Schlechtmacher schrieb:


> Große Teile der deutschen Landbevölkerung sind bereits permanent ausgegrenzt, die können nicht schneller als 384 kbit. Empört sich da vielleicht irgendjemand drüber? Eine scheinheilige Diskussion ist das hier.


 
Wer soll sich denn empören? Die Bundesregierung ist machtlos wenns um den Ausbau geht, der Telekom ists egal, weil es kostet ja Geld. Wenn ihr euch also nicht darüber empört, habt ihr Pech gehabt. Wir waren bis letztes Jahr auch auf 384kbit, haben uns vor 2 Jahren organisiert, mit der Stadtverwaltung zusammengeschlossen und jetzt haben wir 50mbit über Glasfaser von einem privaten Unternehmen, fernab vom Telekomnetz, fernab irgendwelcher Drosselungen. Die Bundesregierung subventioniert den Glasfaserausbau, man muss halt selber aktiv werden und da haperts immer.


----------



## Bonkic (17. Mai 2013)

Schlechtmacher schrieb:


> Große Teile der deutschen Landbevölkerung sind bereits permanent ausgegrenzt, die können nicht schneller als 384 kbit. Empört sich da vielleicht irgendjemand drüber? Eine scheinheilige Diskussion ist das hier.


 
ich will keinem seinen breitband-anschluss vorenthalten, nicht dass wir uns falsch verstehen.
aber: welchen (haupt-) grund gibt es denn, auf dem land zu leben? geringere mieten bzw. qm-preise. 
da darf man sich imho über eine schlechtere infrastruktur nicht unbedingt wundern.


----------



## vexx96 (17. Mai 2013)

Meine Internet Leitung ist auch schon grottenschlecht eigentlich sollte ich eine 6k leitung haben aber ich bekomme immer nur 100kbs download rein nach einem Anruf bei der Telekom wurde mir gesagt das es ein Fehler in der Leitung in meiner Umgebung gäbe würde wohl nächsten Monat behoben jetzt auch schon wieder mehr als nen halbes Jahr rum seid dem Anruf so mit nem 150-500er Ping cod oder andere Games zocken ist einfach scheiße !!


----------



## Herbboy (17. Mai 2013)

Sheggo schrieb:


> nur weil du das nicht "brauchst", ist es Schwachfug? alles klar, du Maß aller Dinge!
> vlt hätten die Leute auch gerne ne 50er/100er Leitung, aber es ist keine verfügbar!?
> 
> Neues Spiel bei Steam mit bis zu 20GB
> ...


 Das stimmt zwar alles, aber da stellt sich dann eben die Frage - wenn die Kosten wirklich so sehr steigen, wie die telekom sagt - ob solche User nicht halt in Zukunft mehr zahlen müssen, damit eben nicht alle User mehr zahlen müssen. Die Aufregung um die Drosselung per Se finde ich völlig übertrieben, denn da meckern grad die Leute, die von zahlreicher kostenloser Unterhaltung profitieren oder deren Anschlusskosten sich durch viele Leute teilen - da wären auch 10€ mehr im Monat nun wirklich kein Beinbruch. Vor allem ist es kurios, dass viele meckern, die sich eh schon das teurere DSL50 leisten können. Wirklich "arme" Leute können sich doch nicht mal DSL16k leisten, die betrifft das also eh nicht. 

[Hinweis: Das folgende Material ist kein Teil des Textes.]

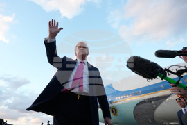 President Donald Trump arrives on Air Force One, Friday, Oct. 17, 2025, at Palm Beach International Airport in West Palm Beach, Fla. (AP Photo/Mark Schiefelbein)
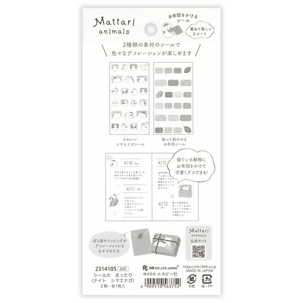 かわいいシマエナガシールとお布団シールの2柄が入ったシールです。
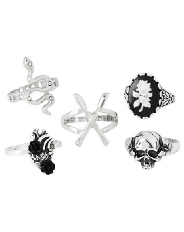 Multi-Pack Heart Rose Snake Rings Set 5 Pack - Morbid
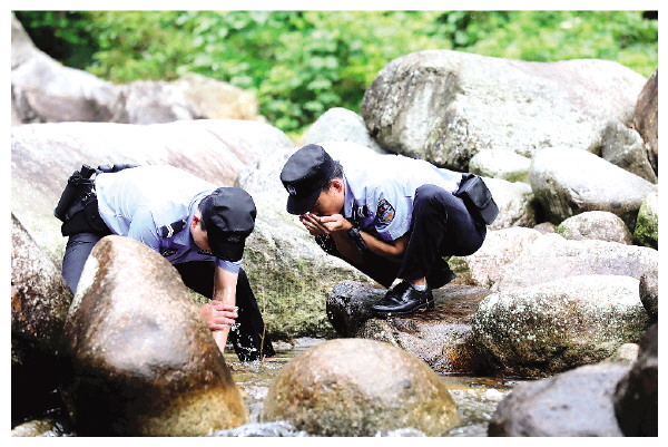 巡护队员在山里巡护时一般都不带水,渴了喝点山泉,热了就用山泉洗把脸凉快一下。
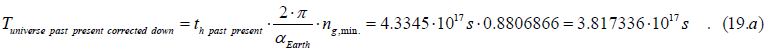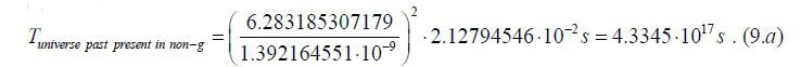 Since th past present is equal to 0.960395021∙108 s (hpast present/c) according to Formula 3.a, the age of the cosmos (Tuniverse past present) is as follows:
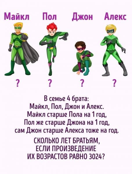 Все задачи на логику с ответами, поэтому узнать разгадку можно с помощью кнопки ниже.
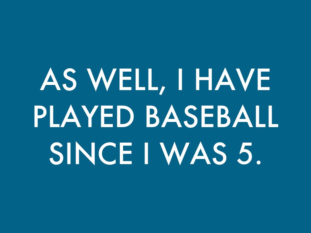 AS WELL, I HAVE PLAYED BASEBALL SINCE I WAS 5.
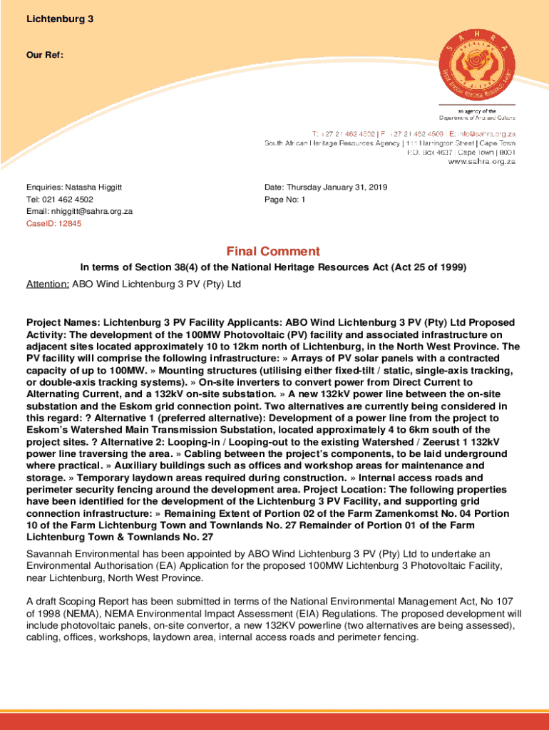 This document provides details about the Environmental Authorisation for the 100MW Lichtenburg 3 Photovoltaic Facility, including heritage assessments and project specifications.
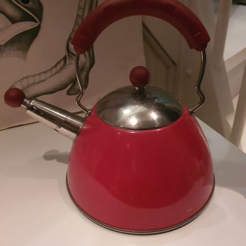 En sjarmerende og koselig retro kaffekjel emaljert med teakdetaljer. Formgitt i 1978 i Finland av Heikki Orvola for Arabia. Kaffekannen er kjøpt i en gjenbruksbutikk. Jeg har aldri brukt den, og selv om det er noen hakk i teakholderen i lokket, kan den være ubrukt eller i alle fall lite brukt. Jeg vet ikke. Se bilder av kjelen inni og under, og for øvrig utenpå. Mottakelig for bud.
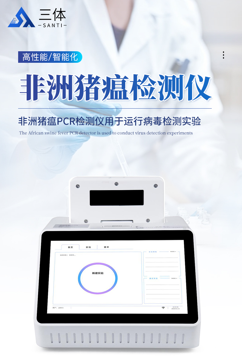 非洲豬瘟PCR檢測(cè)儀(實(shí)時(shí)熒光定量PCR儀支持變溫檢測(cè))用于運(yùn)行病毒檢測(cè)實(shí)驗(yàn),并對(duì)實(shí)驗(yàn)數(shù)據(jù)進(jìn)行分析;儀器既可在實(shí)驗(yàn)室內(nèi)操作,又可用于野外科學(xué)實(shí)驗(yàn),配合相應(yīng)試劑,對(duì)取自待檢測(cè)樣本的分析物或其他分析物中的目標(biāo)核酸進(jìn)行快速、準(zhǔn)確的定性檢測(cè)。
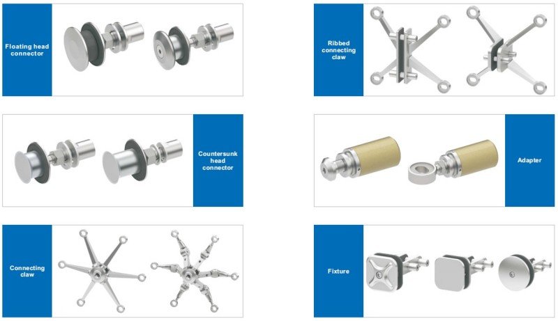 Glass Curtain Walls: Support systems for all-glass or point-supported glass curtain walls in large commercial complexes, office buildings, and airports.
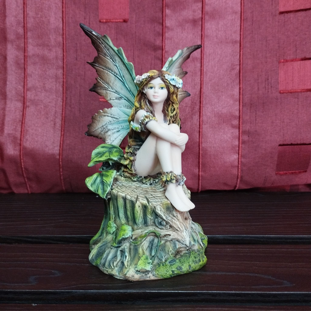 Fée moyenne - Assise sur souche d'arbre
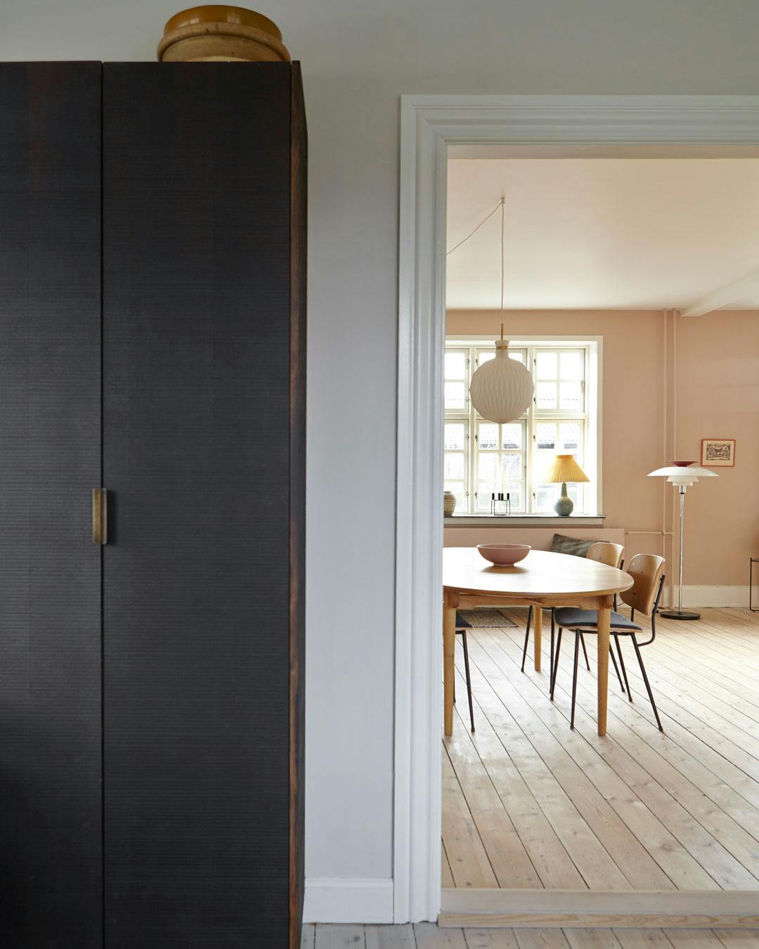 Et kig fra køkkenet ind mod spisestuen, hvis rosa vægfarve står smukt til køkkenets farve Skimming Stone fra Farrow & Ball. Højskabet gemmer på familiens service.
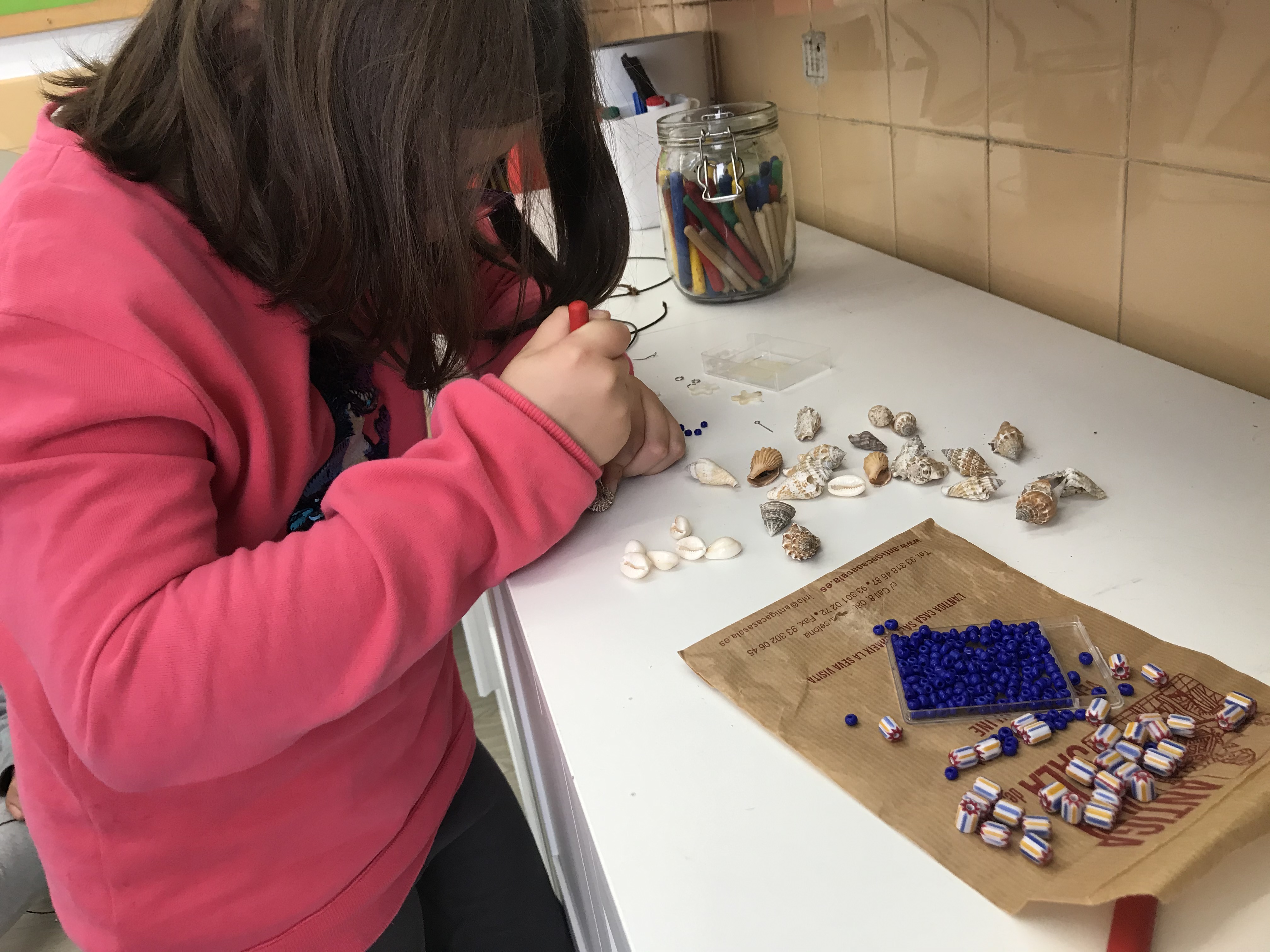 A projecte pensem i dissenyem el nostre collaret, polsera o turmellera. Escollim les peces i ens posem mans a l’obra. És la nostra manera de tenir present el mar.

Klar: ärgerlich ist eine Preiserhöhung immer. Aber wie soll man es sonst regeln, wenn das mit der Kostensteigerung Fakt ist? Power-User sind natürlich dafür, dass dann lieber alle User zB 5€ mehr zahlen anstatt dass die Betroffenen 10€ mehr zahlen. Aber an sich müsste es eher einen "Aufstand" der kleineren User geben, die nicht mehr die intensiven User mitfinanzieren wollen.  Meine Meingune war von Anfang an: hätte die telekom das einfach nur anders kommuniziert, wäre die Aufregung nicht so groß. Die hätten einfach sagen sollen: "die Kosten steigen, wir müssen in den nächsten 3-4 Jahren die Preise um 10-20% erhöhen. Außerdem führen wie neue günstigere Tarife für Nutzer ein, die mit wenig Volumen auskommen."  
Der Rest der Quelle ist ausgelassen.